Galina has an impressive story and resume, so it requires some effort to keep this introduction brief–but here goes nothing:
Galina was born in the Soviet Union. In the early 90s, she moved to the US with her family to live on the East Coast, where she obtained a Master’s degree in computer science at Brown University. In 2004, Galina moved to Silicon Valley to join this little company called Google (yes, it was little at the time) and started in their data science team. This was about three years ahead of when data science was an established term, when these data scientists did their own data engineering, their own data analysis, and presented all data visualizations to executives on their own. Today’s generation of businesses offers far more specialized data-related roles of various titles, and the understanding of these roles is getting richer each year. We have come a long way since Galina’s early days in Silicon Valley.
Fast forward a bit, Galina moved to Sweden with her Swedish partner, and, after having worked at Google for 10 years, joined Schibsted to build their Data and Analytics Team. She then started her own consulting firm, Gradient Descent, which helps companies figure out what to do with their data. In 2018, she built a Data and AI team at Northvolt from scratch (dubbed Sweden’s #1 startup in 2022 by LinkedIn). Now, she is the co-founder and CTO of a health tech startup called SumHealth. SumHealth’s goal is to utilize data to allow people to find their diagnosis faster by learning from people like them.
On top of this, she also co-founded Women In Data Science AI & ML Sweden in late 2017, to bring more female technologists into the field and help them receive recognition for their work. They currently have more than 1,600 women in their network.
Ok, that was keeping it brief. Suffice to say, Galina has done great things in the data science field for a long time, building data teams for almost two decades now. Let’s dive into her practical tips on recruiting for data teams.
At the beginning of Galina’s presentation, she showed a job posting example for a head of data, with a long list of requirements. Looking at each bullet point individually, they are realistic, but for a candidate to have them all, less so. A company going out with a job posting like this is basically saying they are looking for a unicorn.

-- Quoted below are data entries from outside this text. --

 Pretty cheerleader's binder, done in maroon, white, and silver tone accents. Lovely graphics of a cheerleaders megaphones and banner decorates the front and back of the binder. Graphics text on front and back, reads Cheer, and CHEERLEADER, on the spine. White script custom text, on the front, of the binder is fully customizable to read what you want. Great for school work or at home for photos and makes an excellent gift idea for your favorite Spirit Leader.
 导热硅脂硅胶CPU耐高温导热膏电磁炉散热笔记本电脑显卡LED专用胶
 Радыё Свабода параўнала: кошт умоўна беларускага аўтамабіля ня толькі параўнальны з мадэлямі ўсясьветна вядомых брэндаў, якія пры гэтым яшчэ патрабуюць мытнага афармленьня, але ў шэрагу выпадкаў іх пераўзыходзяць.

Out of all industries, Information Technology (i.e. including all sub industries such as data, software engineering, cyber security, etc.) has the highest average time to fill an open position. This Swedish study showed an average time-to-fill of 2.6 months for IT roles, from when a job ad is listed to when a candidate has signed an offer. Note that this metric even excluded notice periods, which tend to be three months in Sweden, compared to two weeks in the US.

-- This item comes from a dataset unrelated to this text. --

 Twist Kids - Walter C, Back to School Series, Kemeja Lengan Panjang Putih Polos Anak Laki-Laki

Of course, many factors may affect the time-to-fill. In some cases, it takes multiple technical interviews and screens before you are through to the final rounds of meeting the hiring manager and your team. In other cases, slow processes and dormant communications are to blame.
Don’t worry–with a structured and standardized approach to recruiting data teams, you can drastically reduce this time-to-fill as well as improve the overall recruiting experience for both recruiters and candidates. Let’s look at Galina’s four-step model for achieving this: figuring out what your company needs, finding candidates, evaluating candidates, and closing candidates.

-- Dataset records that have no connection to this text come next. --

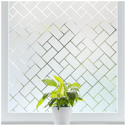 VSUDO Privacy Window Film, Diamond Pattern Window Tint for Home, Static Cling Window Glass Stickers (90x200 cm)
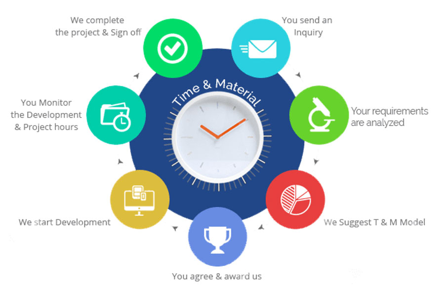 - T & M Model allows more control over the development progress & cost, instead of taking an educated guess at eventual expenses and high probability of additional overpriced changes.
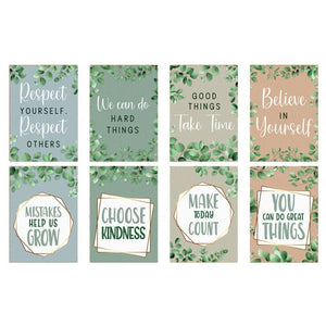 Create a calm, uplifting classroom environment with the Eucalyptus Essentials Motivational Poster Set. Designed in soft neutral tones with soothing eucalyptus leaf artwork, this set helps foster positivity, kindness and self-belief in students of all ages.
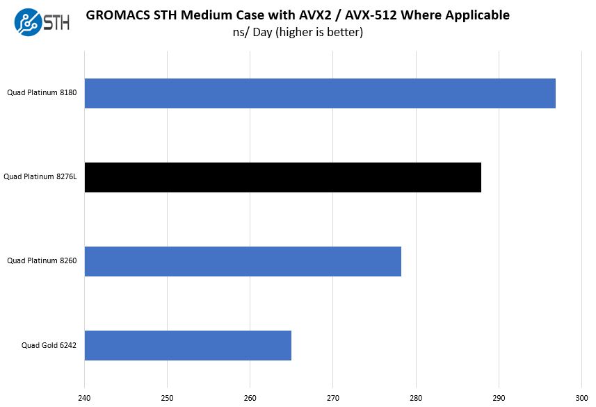 Here we see solid scaling putting the quad Intel Xeon Platinum 8276L between the quad Intel Xeon Platinum 8180 and Platinum 8176 figures.

Before you start deciding on what roles you will fill your data team with, it’s crucial to identify what your business needs are, and how data can be leveraged to meet those needs. Galina argues there are generally four big business areas for data teams, illustrated in the image below (you can read more about it here).
For companies looking to hire data teams, they must first know which of these areas they want help with, and why. This is important in order for the company to be able to prioritize the right profiles and competencies when recruiting. When Galina founded Gradient Descent, a Data and AI consultancy, they spent a lot of time helping organizations in these areas before they could grow and become more data- and AI-enabled.
For candidates applying to open data positions as e.g. Machine Learning Engineers or Data Scientists, it is still often unclear which part of the company they are going to end up in. But once a company has its data use cases and business areas figured out, it can start employing data roles for them. Knowing what specific roles are needed is not always the easiest.
The many different titles and roles of data teams have exploded in recent years. We now have Machine Learning Engineers, Data Scientists, AI Solution Architects, Data Warehouse Engineers, Data Engineers, and Research Scientists, to mention a few. Another example is The Analytics Engineer who was dubbed one of 2022’s top data trends.
Let’s look at a chart showing how different data roles can overlap and divide.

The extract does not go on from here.